Тем временем, девушку — а она очень молода, едва ли не девочка, хорошо если восемнадцать есть — двое из конвоиров, или какую роль они выполняют, не знаю, стаскивают на землю и волокут внутрь кузницы. Склонив голову и стараясь быть возможно более незаметным, просачиваюсь следом, аккуратно сложив принесённые из поленницы дрова в сторонке.

Гурт зыркает на меня и едва заметно мотает головой в сторону двери — мол, иди отсюда, подобру-поздорову. Но я делаю вид, что не замечаю, и отхожу в дальний тёмный угол.

— Кузнец, скорее! Время!

— Надо развести, прокалить…

— Я сказал, быстрее! Мне безразлично, что там тебе надо!

Начинаются приготовления. Разводится огонь, раздувается мехами. Девушку грубо кидают на наковальню, Гурт берётся за ошейник, представляющий собой полукруг грубого металла с «ушками» на концах, пробует надеть на тонкую изящную шейку…

В последний момент рабыня, казавшаяся до того безразличной ко всему, изворачивается и чуть не вырывается из держащих её рук. Начинается неравная борьба, но, к сожалению, с предрешённым исходом — те двое, держащие девушку, заведомо сильнее. И, в конце концов, мерзкий безобразный обруч всё же оказывается на месте, а Гурт начинает поспешно вставлять в отверстие в «ушках» нагретую короткую болванку. Как он ни старается делать это аккуратно, доносится запах горелых волос… А возможно, и не только — но об этом я стараюсь не думать. Слышатся удары и сопровождающие их едва слышные испуганные всхлипы. Пока металл ещё горячий, его требуется расклепать, сплющить с краёв, чтобы было не разжать «ушки» обратно.

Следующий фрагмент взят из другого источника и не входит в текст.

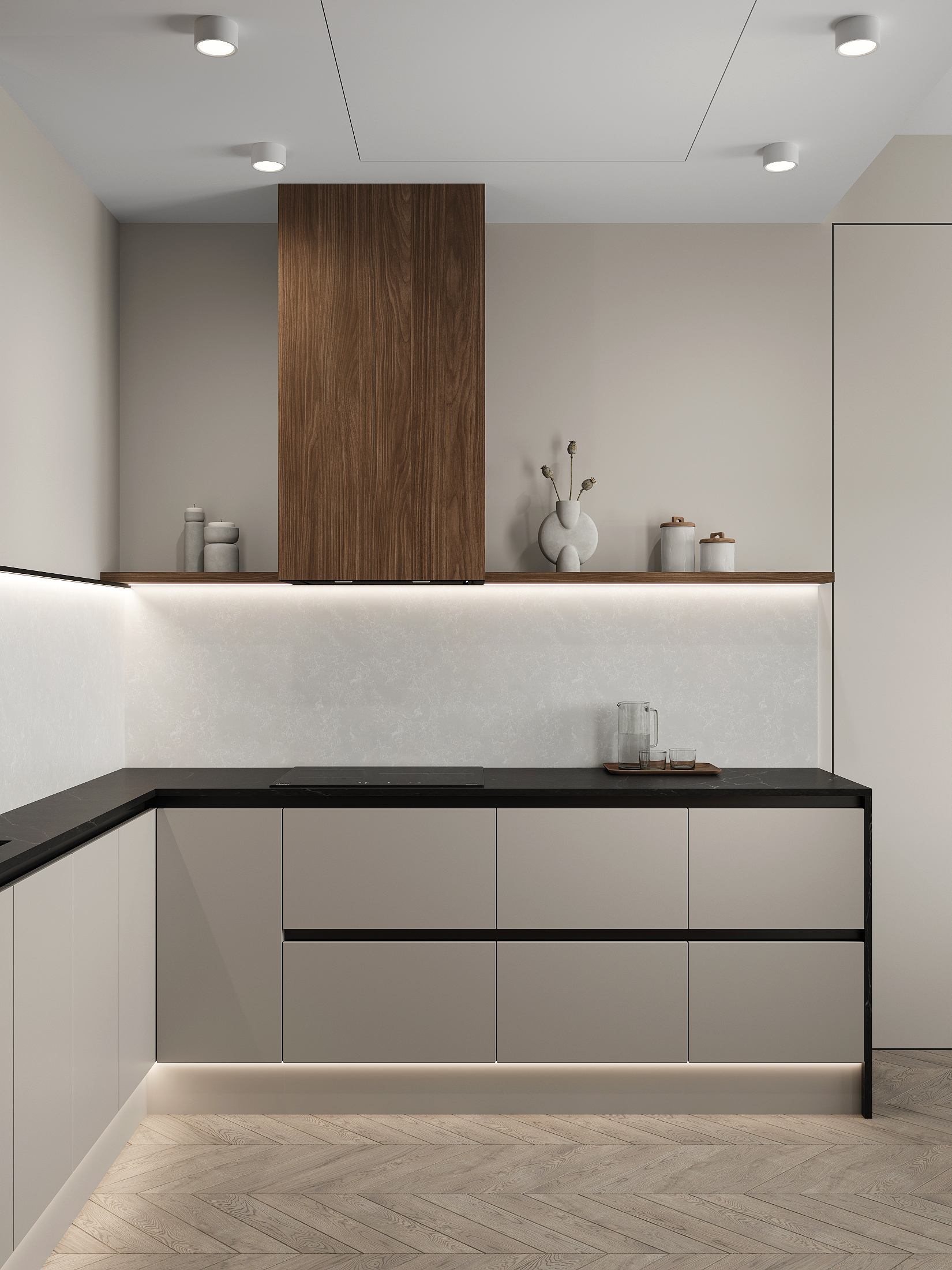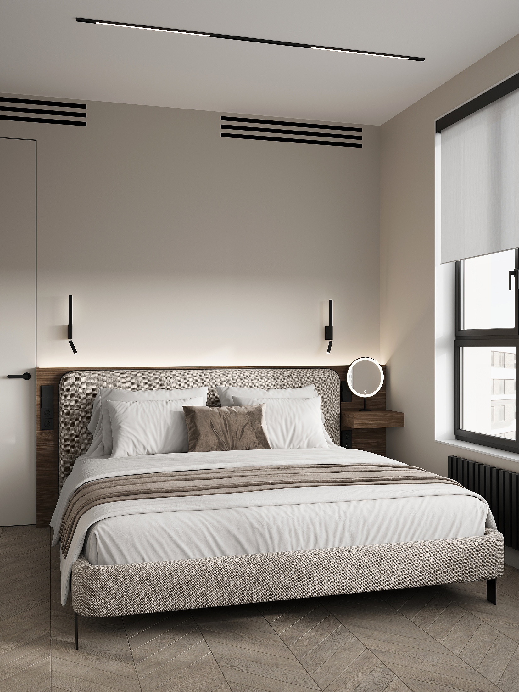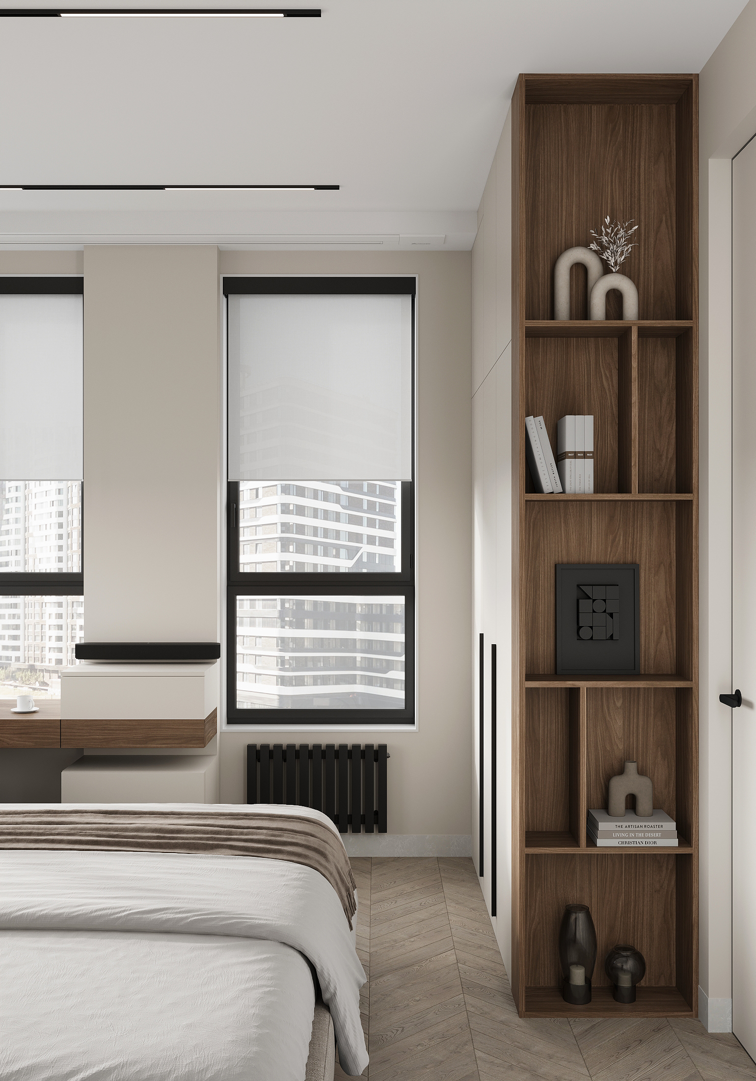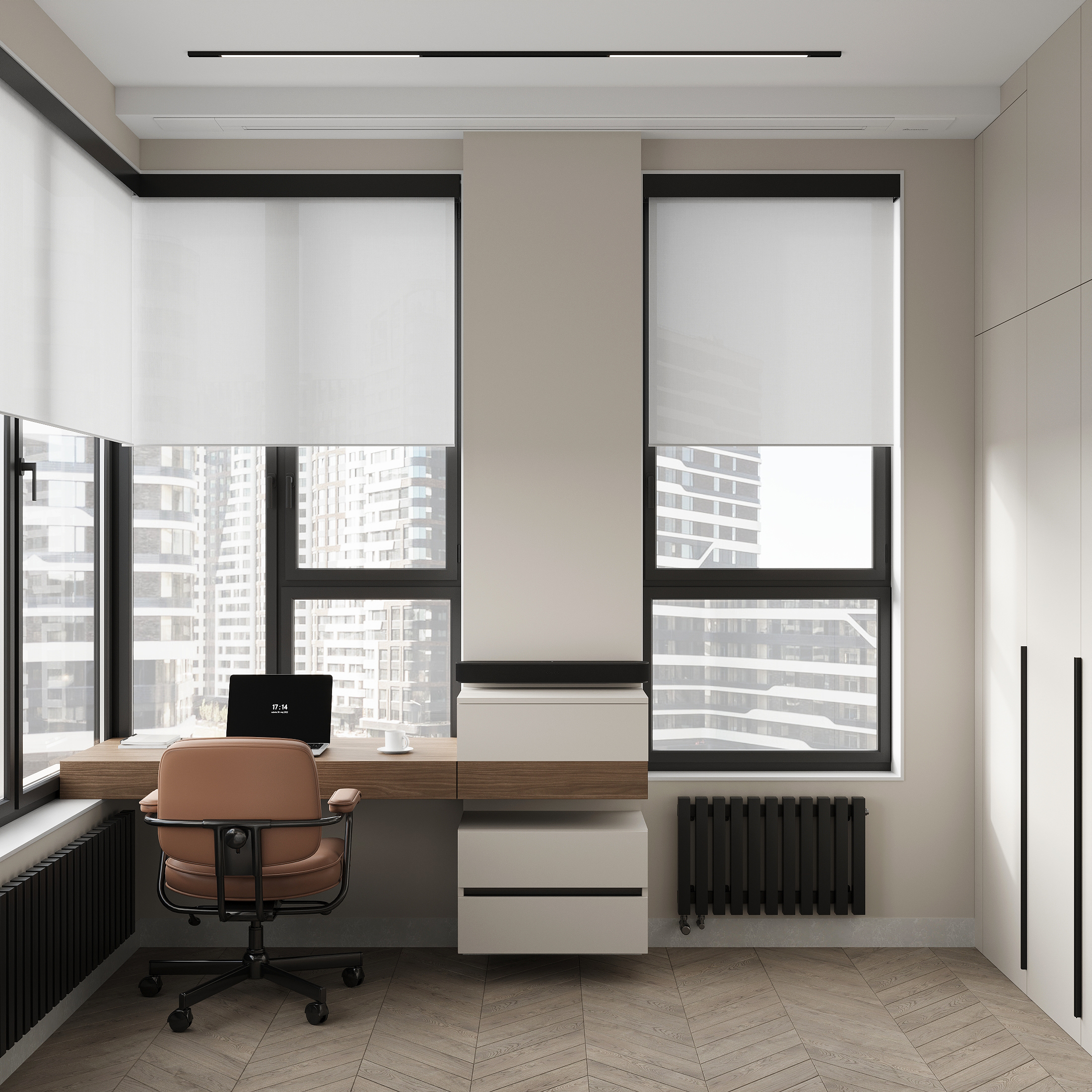 Квартира в «Символе» с её панорамными окнами и качественной отделкой — прекрасная основа. Мы получили не просто красивую квартиру в стиле минимализм, а высокотехнологичное, безопасное и максимально удобное пространство для жизни, где каждой вещи есть свое место, а интерьер будет расти и меняться вместе с вашей семьей. Сделан акцент на умных решениях, скрытом хранении и драматичном контрасте. Светлая, воздушная основа (стены, потолок, основной пол) как фон для насыщенных темных акцентов (кухонная столешница , мебельные фронты, трековое освещение). Вся мебель — многофункциональная и встроенная, техника — скрытая
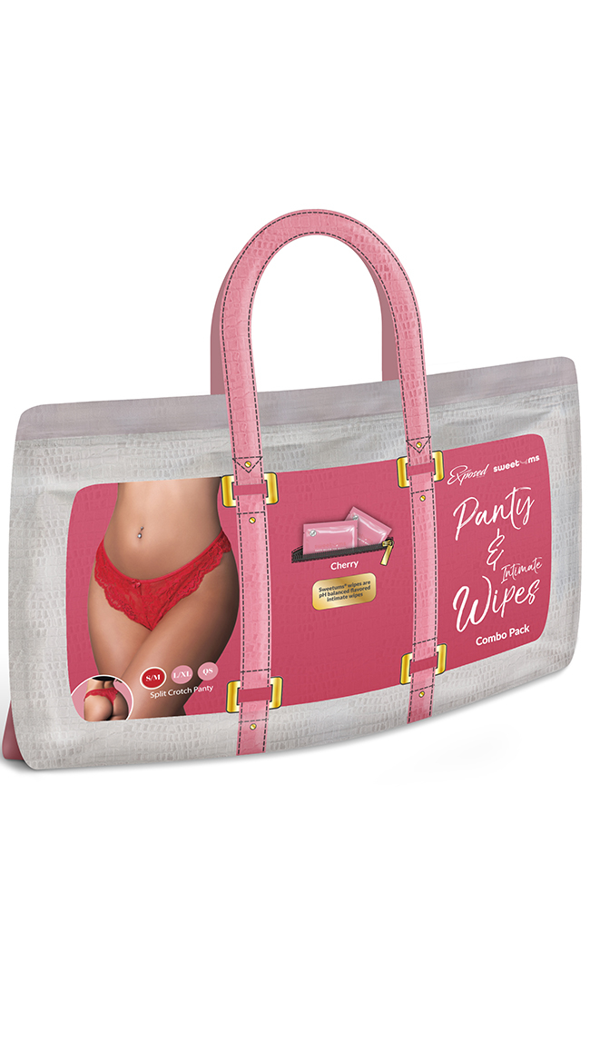 Open Crotch Panty, is the perfect balance of elegance and seduction. This luxurious wholesale lace panty features delicate floral galloon lace, scalloped edges, and a satin bow for a playful touch. The daring opencrotch design adds a bold element, while the soft, stretchy mesh in a fiery red hue enhances comfort and allure. Comes in a reusable pink-handle pouch perfect for gifting or packing intimates for your next tripPaired with two packets of Cherry-flavored Sweetums pH-balanced intimate wipes. this wholesale red boy short offers the perfect combination of comfort, style, and freshness. made to delight your senses and spark connection. With a juicy, candy-like scent and taste, these wipes are sweet, bold, and totally unforgettable.Fun fact: research shows that the scent of cherry can evoke feelings of happiness, playfulness, and even arousal. It’s no wonder this flavor is a fan favorite — it lifts your mood and sets the tone for flirty, feel-good moments.If you're someone who loves to feel sweet, sassy, and ready for anything, Cherry is calling your name.Each wipe is pH-balanced and carefully formulated with your body’s chemistry in mind. Whether you're at home or on the go, these individually wrapped wipes are designed for discreet convenience and undeniable pleasure.- pH balanced- Vegan- Made in the USA- No added parabens - No added dyes - Cruelty free - Water-based & non-stickyIngredients - Water, Glycerin, Stevia Rebaudiana Extract, Xanthan Gum, Citric Acid, Sodium Benzoate, Potassium Sorbate, FlavorHow to use - Remove the wipe from the package. Wipe intimate areas. The wipe leaves behind scent and flavor. Discard the wipe after one use.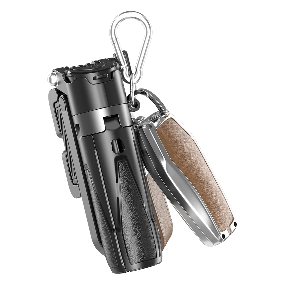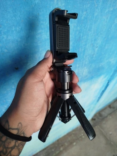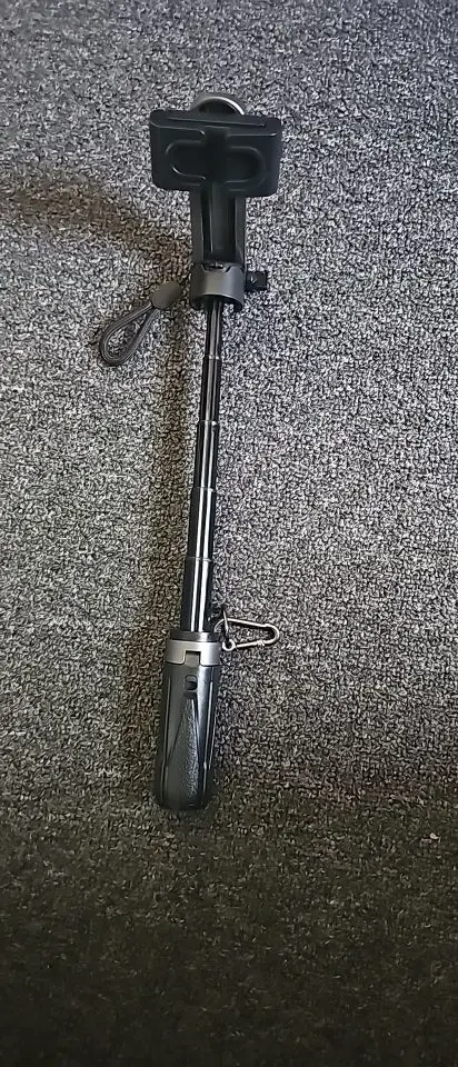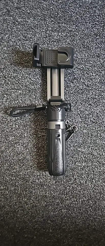 The tripod is excellent, delivery was slightly delayed, the set includes two carabiners, one with a loop and one metal, quality is excellent, matches the description, holds the phone securely, when extended I would add 20 cm but overall everything is clear, I recommend the seller, worth the money.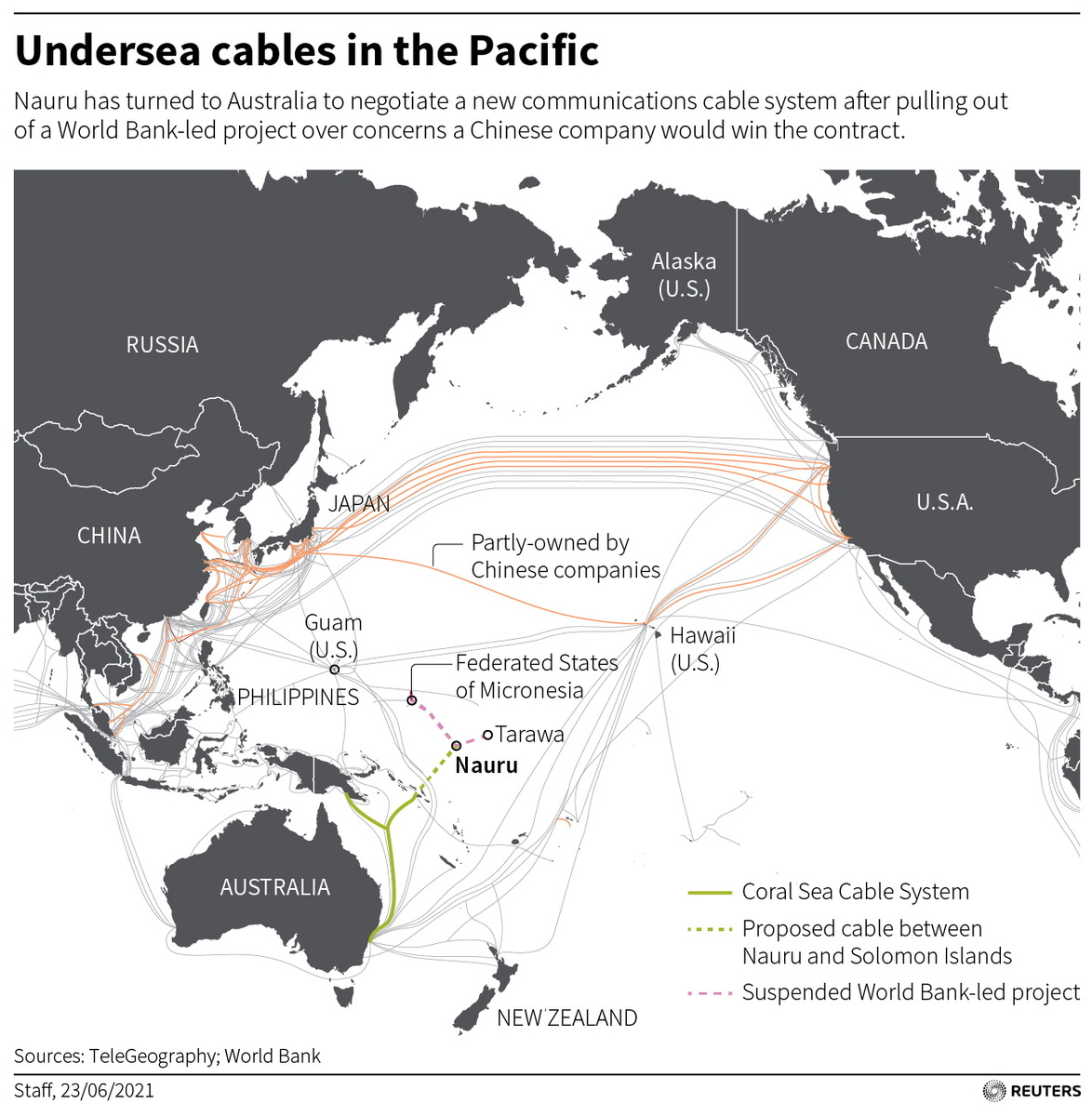 Nauru has been negotiating plans to tap into the Australian-backed Coral Sea Cable system, via Solomon Islands, sources told Reuters in June.

Кузнец заканчивает, и девушку, не церемонясь, окунают головой в лохань с холодной водой. Поднимающиеся на поверхность пузыри отчаянно вспучиваются под шипящим облаком пара. Я понимаю, что если бы её хотели утопить, то могли бы сделать это гораздо проще, поэтому просто отворачиваюсь в сторону, бессильно сжимая кулаки и стараясь не вслушиваться в омерзительную возню.